**WHAT THE EXERCISE ASKS**
Every line from the one containing "ပါဠိတော်ကျမ်းများ လှူဒါန်းခြင်းအခမ်းအနားသို့ တက်ရောက်သည်။" through the end of the listing below goes in the output, exactly and without pictures.

**PROVIDED INFORMATION**
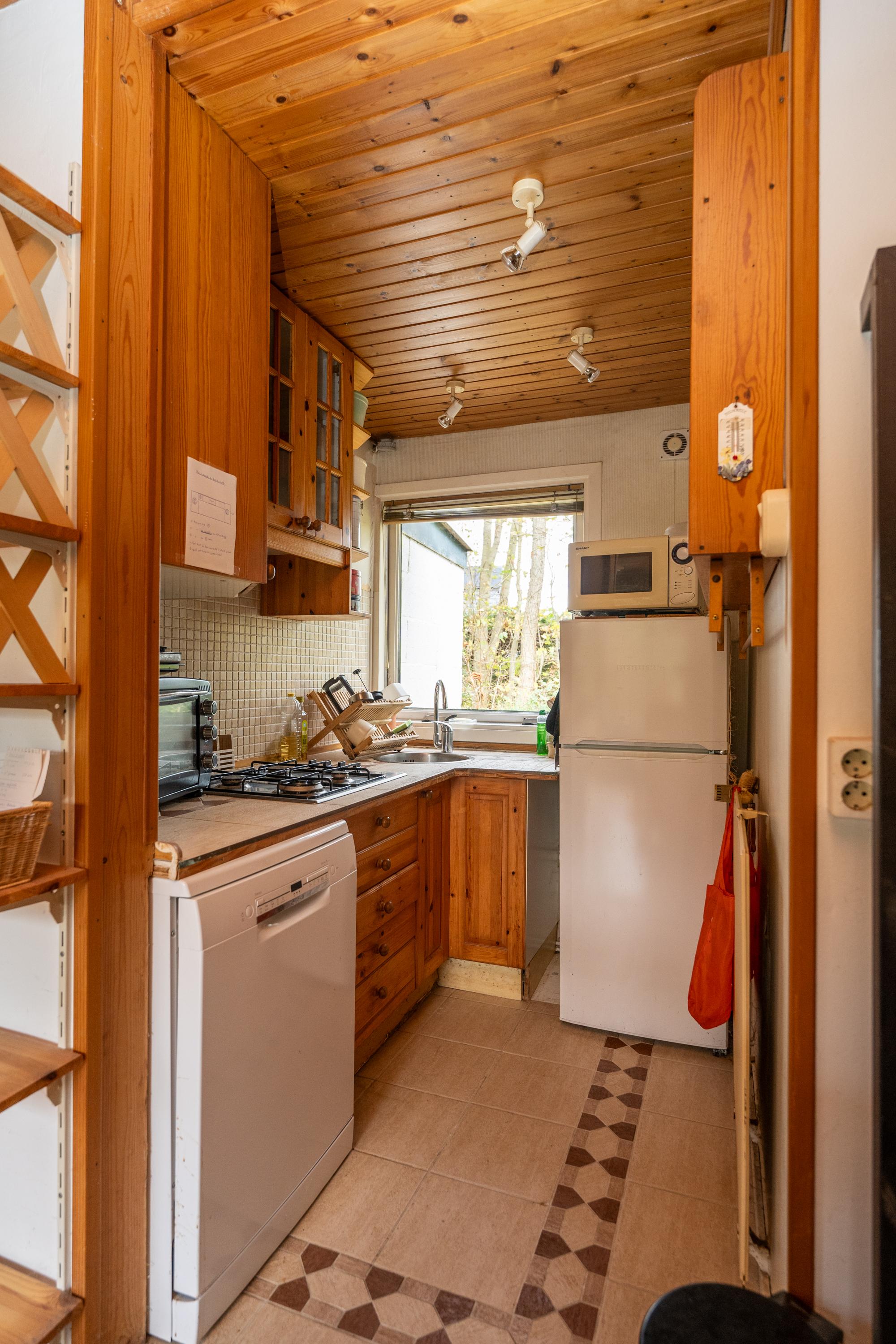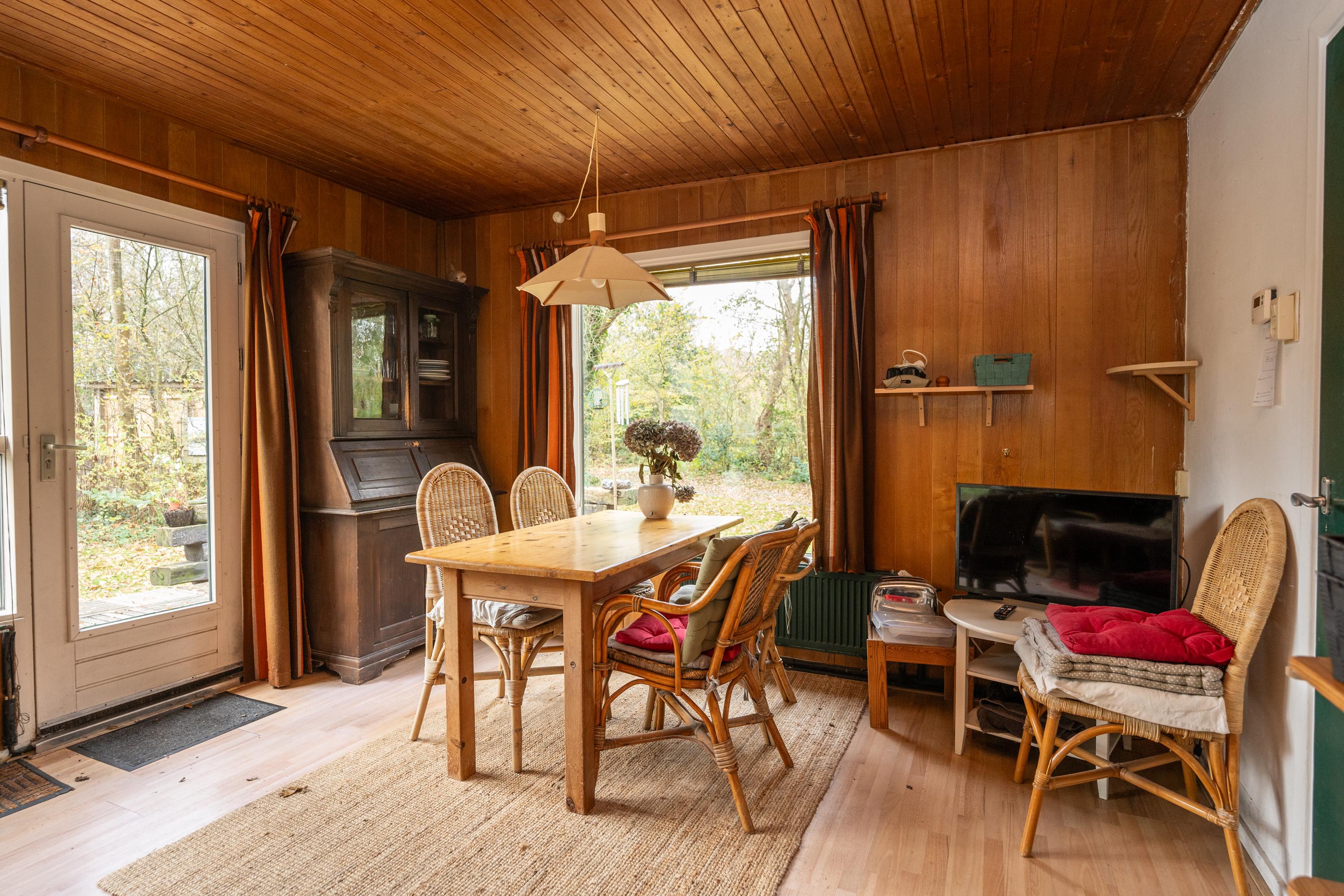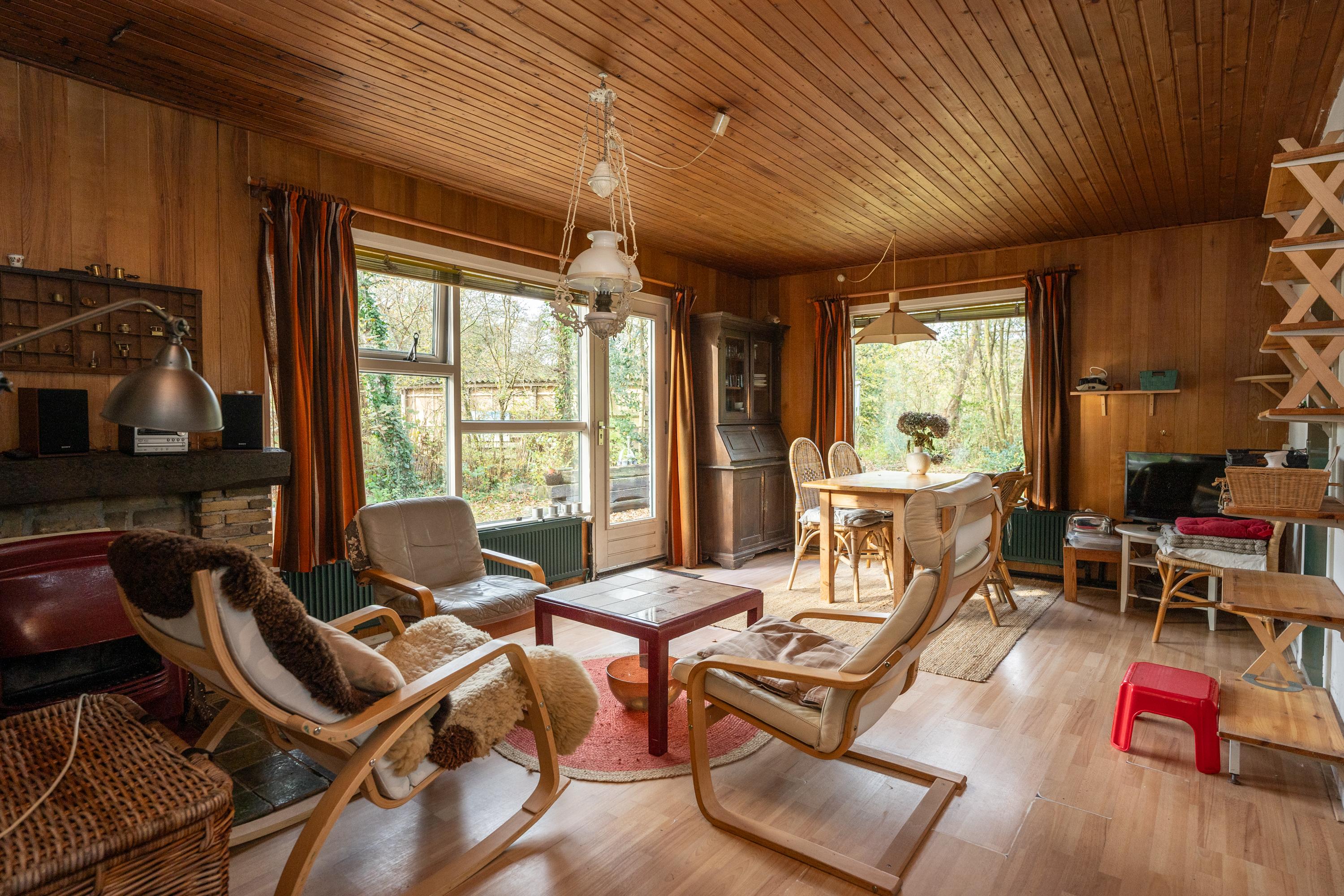 Via de entree stap je binnen in de woonkamer. Met wat zorg en een paar doordachte aanpassingen kan de woning moeiteloos worden aangepast aan de huidige normen en woonwensen om er weer een up-to-date recreatie woning van te maken.
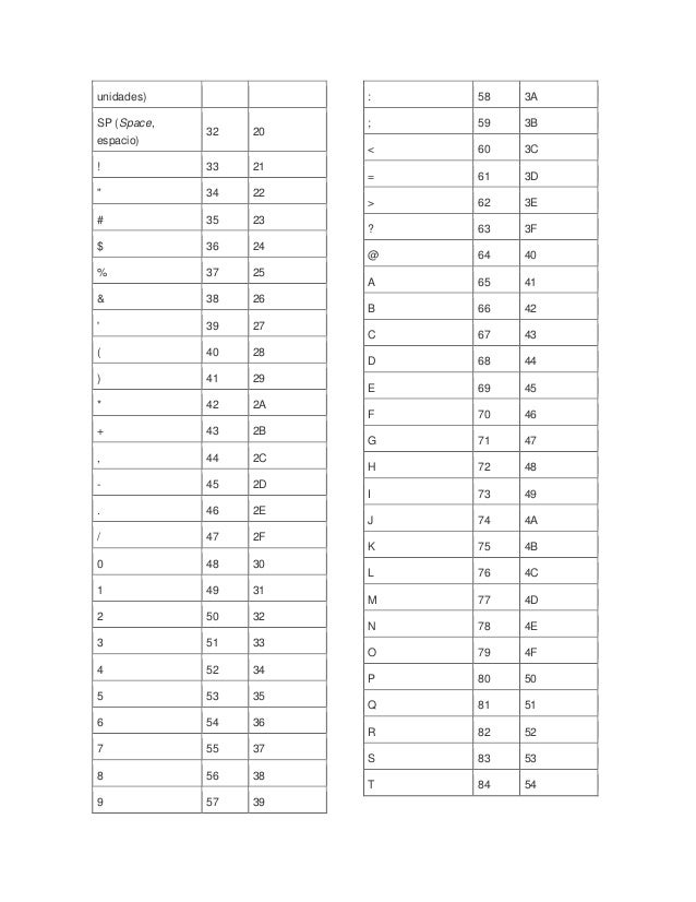 Webmerci d'avance ( ps : si c'est pas dans le bon thème de forum merci de me dire ou ça pourrais etre moins hors sujet ^^ ) Moi aussi. Posez votre question. A voir. WebThe US ASCII Character Set US ASCII, ANSI X3.4-1986 (ISO 646 International Reference Version) Codes 0 through 31 and 127 (decimal) are unprintable control characters. Code. Web34 lignesASCII DECIMAL AND HEXADECIMALCONVERSION TABLE. Hex. Hex. Hex. ! . ? NOTE: Decimal 0-31 (0x00-1F) and 127 (0x7F) are non-printable characters. WebTableau 1. Caractères ASCII de 33 à 126; Code ASCII Caractère Code ASCII Caractère Code ASCII Caractère; 33!point d'exclamation: 34 "guillemet double: 35 #signe dièse:. WebCode ASCII Shift a Ctrl Alt Num Caps Shift Caps Shift Num Esc 01 1B 1B 1B 1B 1B 1B 1B 1 12 23 ! 0 1 7800 31 31 31 31 0 24 33 @ 0 2 7900 0300 32 32 32 32 3 32 43 # 0 3 7A00 33. WebEnigme père fouras pdf - Forum Loisirs / Divertissements. Réponse énigme père fouras 250 - Forum Loisirs / Divertissements. Idée enigme saut en parachute -. WebCaractères ASCII de 33 à 126. Utilisez la table de caractères ASCII pour déterminer les caractères à utiliser pour les valeurs de départ et de sel du chiffrement de. WebHelpful information for converting ASCII, decimal, hexadecimal, octal, and binary values can be referenced in this table.
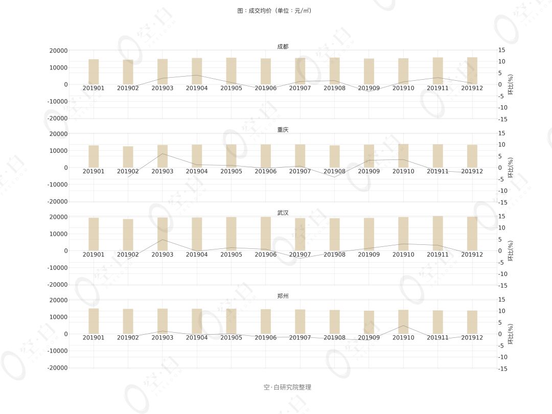 从成交价格来看,武汉上月成交均价达到20164元/平米,环比变化为-1.58%。成都成交均价环比上涨0.55%,涨幅最大。
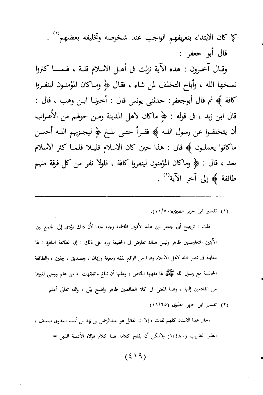 قلت: ترجيح أبى جعفر بين هذه الأقوال المختلفة وجيه جدا لأن ذلك يؤدى الى الجمع بين الآيتين المتعارضتين ظاهرا وليس هناك تعارض فى الحقيقة وزد على ذلك: إن الطائفة النافرة: لها معاينة فى نصر اللَّه لأهل الإسلام وهذا من الواقع تفقه ومعرفة وإيمان، وتصديق، ويقين، والطائفة الجالسة مع رسول اللَّه -صلى اللَّه عليه وسلم- لها فقهها الخاص، وعليها أن تبلغ ما تفقهت به من علم ووحى لغيرها من القادمين إليها، وهذا المعنى فى كلا الطائفتين ظاهر واضح بيّن، واللَّه تعالى أعلم.
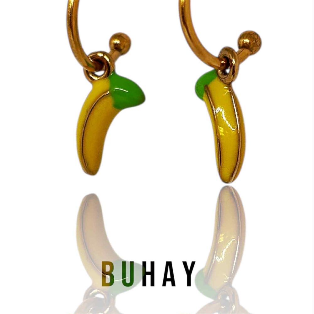 Χειροποιήτα σκουλαρίκια απο ανοξείδωτο ατσάλι , επιχρυσωμένα. Κρικάκια με περαστή μπανάνα με σμάλτο.
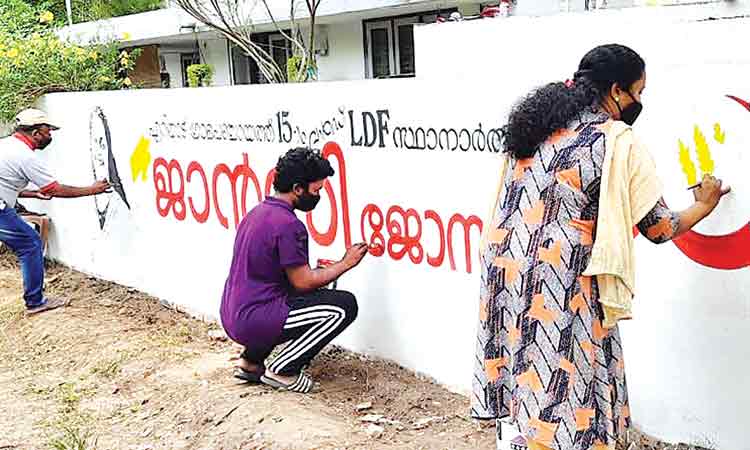 കൊടുങ്ങല്ലൂർ എറിയാട് പഞ്ചായത്തിലെ 15ാം വാർഡിൽ ഇടതുപക്ഷ സ്ഥാനാർഥിയാണ് ജാൻസി ജോസഫ്. തെരഞ്ഞെടുപ്പിന് ചൂട് പിടിച്ചപ്പോൾ ഹീര ജോസഫും ആവേശത്തോടെ നാട്ടിലെത്തി പ്രചാരണത്തിനിറങ്ങുകയായിരുന്നു. ചിത്രകലാ അധ്യാപിക കൂടിയായ സ്ഥാനാർഥിയും കലാകാരനായ മകൻ ഡോൺ ജോസഫും ചുമരെഴുത്തിന് ഒപ്പമുണ്ട്. ബഹ്റൈനിൽ അനിമേഷൻ രംഗത്ത് ജോലി ചെയ്യുന്ന മകൻ ഡിയോൺ ജോസഫും സാേങ്കതിക സഹായം നൽകുന്നുണ്ട്.
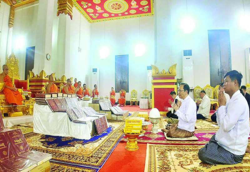ကျန်းမာရေးဝန်ကြီးဌာန ပြည်ထောင်စုဝန်ကြီး ဒေါက်တာသက်ခိုင်ဝင်းဦးဆောင်သည့် မြန်မာကိုယ်စားလှယ်အဖွဲ့သည် လာအိုနိုင်ငံဆိုင်ရာ မြန်မာသံအမတ်ကြီးဦးအောင်ကို၊ လာအိုနိုင်ငံဆိုင်ရာ မြန်မာစစ်သံ (ကြည်း၊ ရေ၊ လေ) ဗိုလ်မှူးချုပ် ခင်မောင်စိုးတို့နှင့်အတူ ယနေ့နံနက်ပိုင်းက လာအိုနိုင်ငံဗီယန်ကျင်းမြို့ Thatluang သံဃနာယကတိပိဋက ကျောင်းတိုက်၌ကျင်းပသော နိုင်ငံတော်စီမံအုပ်ချုပ်ရေးကောင်စီဥက္ကဋ္ဌ နိုင်ငံတော်ဝန်ကြီးချုပ် ဗိုလ်ချုပ်မှူးကြီးမင်းအောင်လှိုင်က ဆက်ကပ်လှူဒါန်းသည့် ဆဋ္ဌသင်္ဂါယနာမူ ပိဋကတ်သုံးပုံ ပါဠိတော်ကျမ်းများ လှူဒါန်းခြင်းအခမ်းအနားသို့ တက်ရောက်သည်။
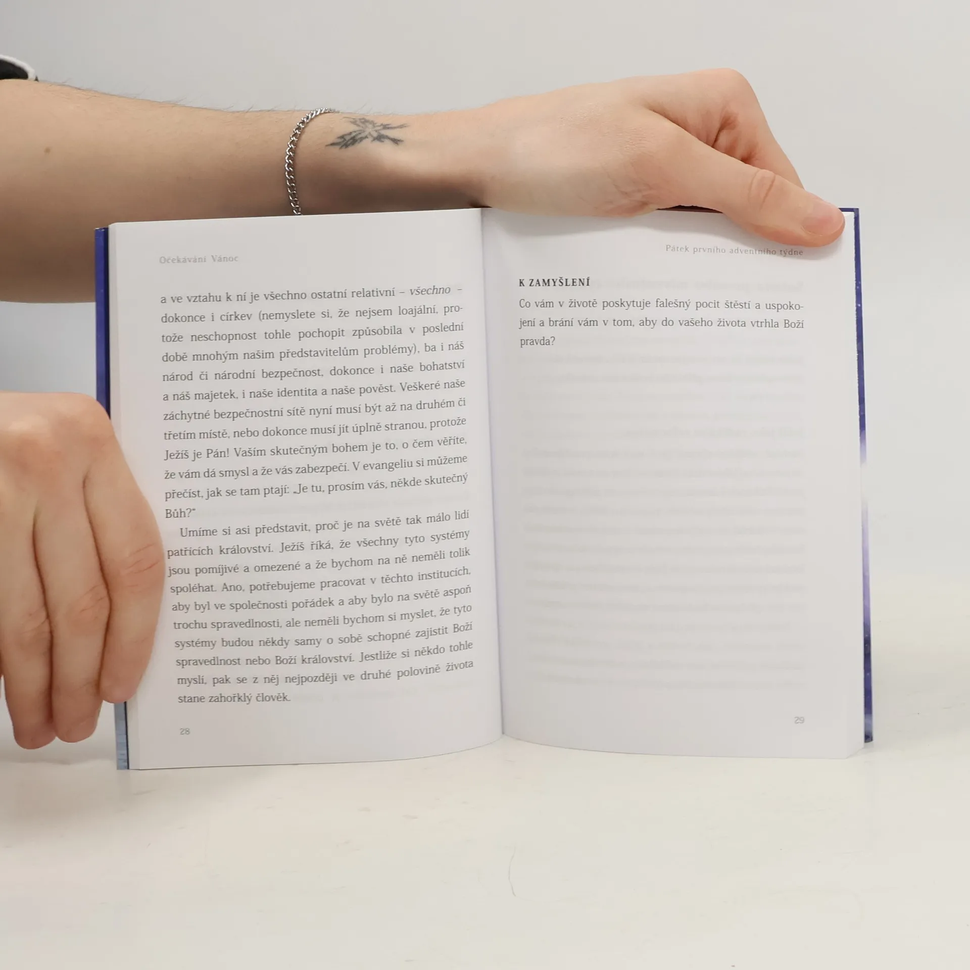 Kniha známého duchovního autora, františkána Richarda Rohra, nabízí zamyšlení pro každý den adventu. Vychází z liturgického čtení na daný den a dává čtenáři impulzy k tomu, aby dobu adventního očekávání strávil skutečnou vnitřní obnovou a posilou. Rohr se staví proti infantilizaci Vánoc a vybízí naopak k tomu, aby se staly opravdovými svátky křesťanské dospělosti. Dává podněty k objevení Boží lásky, velkorysosti, jeho touhy po lidské svobodě. V krátkých, ale moudrých promluvách nabízí na každý den adventu téma, které je možné celý den promýšlet. K tomu slouží i podněcující otázka v závěru, jež obrací pozornost na konkrétní život čtenáře.
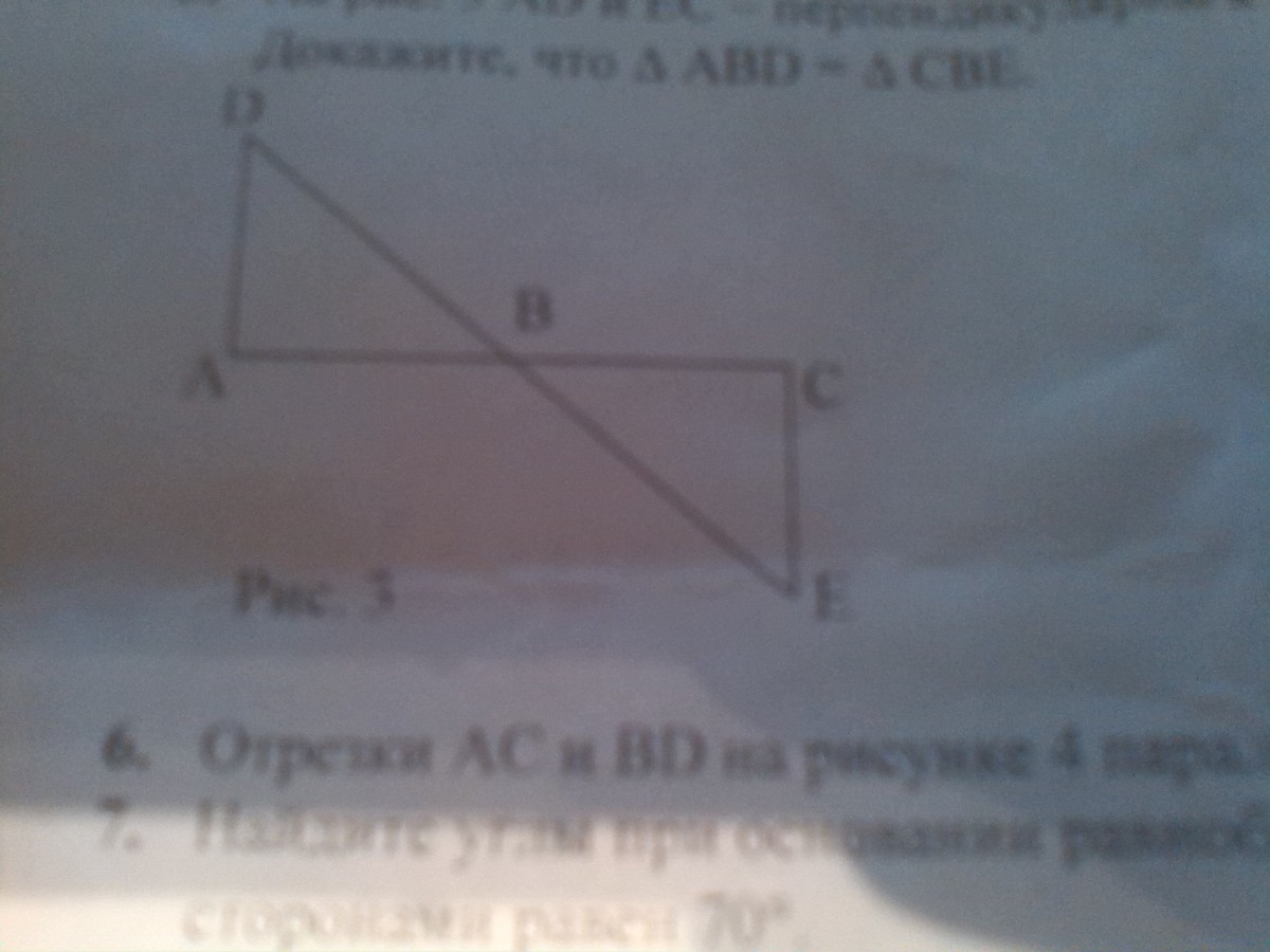 2.AD и EC - перпендикулярны к прямой AB,причем известно,что AD=CE.Докажите,что треугольник ABD = треугольнику CBE. (Рис 3 )

**SOLUTION**
ကျန်းမာရေးဝန်ကြီးဌာန ပြည်ထောင်စုဝန်ကြီး ဒေါက်တာသက်ခိုင်ဝင်းဦးဆောင်သည့် မြန်မာကိုယ်စားလှယ်အဖွဲ့သည် လာအိုနိုင်ငံဆိုင်ရာ မြန်မာသံအမတ်ကြီးဦးအောင်ကို၊ လာအိုနိုင်ငံဆိုင်ရာ မြန်မာစစ်သံ (ကြည်း၊ ရေ၊ လေ) ဗိုလ်မှူးချုပ် ခင်မောင်စိုးတို့နှင့်အတူ ယနေ့နံနက်ပိုင်းက လာအိုနိုင်ငံဗီယန်ကျင်းမြို့ Thatluang သံဃနာယကတိပိဋက ကျောင်းတိုက်၌ကျင်းပသော နိုင်ငံတော်စီမံအုပ်ချုပ်ရေးကောင်စီဥက္ကဋ္ဌ နိုင်ငံတော်ဝန်ကြီးချုပ် ဗိုလ်ချုပ်မှူးကြီးမင်းအောင်လှိုင်က ဆက်ကပ်လှူဒါန်းသည့် ဆဋ္ဌသင်္ဂါယနာမူ ပိဋကတ်သုံးပုံ ပါဠိတော်ကျမ်းများ လှူဒါန်းခြင်းအခမ်းအနားသို့ တက်ရောက်သည်။
 Kniha známého duchovního autora, františkána Richarda Rohra, nabízí zamyšlení pro každý den adventu. Vychází z liturgického čtení na daný den a dává čtenáři impulzy k tomu, aby dobu adventního očekávání strávil skutečnou vnitřní obnovou a posilou. Rohr se staví proti infantilizaci Vánoc a vybízí naopak k tomu, aby se staly opravdovými svátky křesťanské dospělosti. Dává podněty k objevení Boží lásky, velkorysosti, jeho touhy po lidské svobodě. V krátkých, ale moudrých promluvách nabízí na každý den adventu téma, které je možné celý den promýšlet. K tomu slouží i podněcující otázka v závěru, jež obrací pozornost na konkrétní život čtenáře.
 2.AD и EC - перпендикулярны к прямой AB,причем известно,что AD=CE.Докажите,что треугольник ABD = треугольнику CBE. (Рис 3 )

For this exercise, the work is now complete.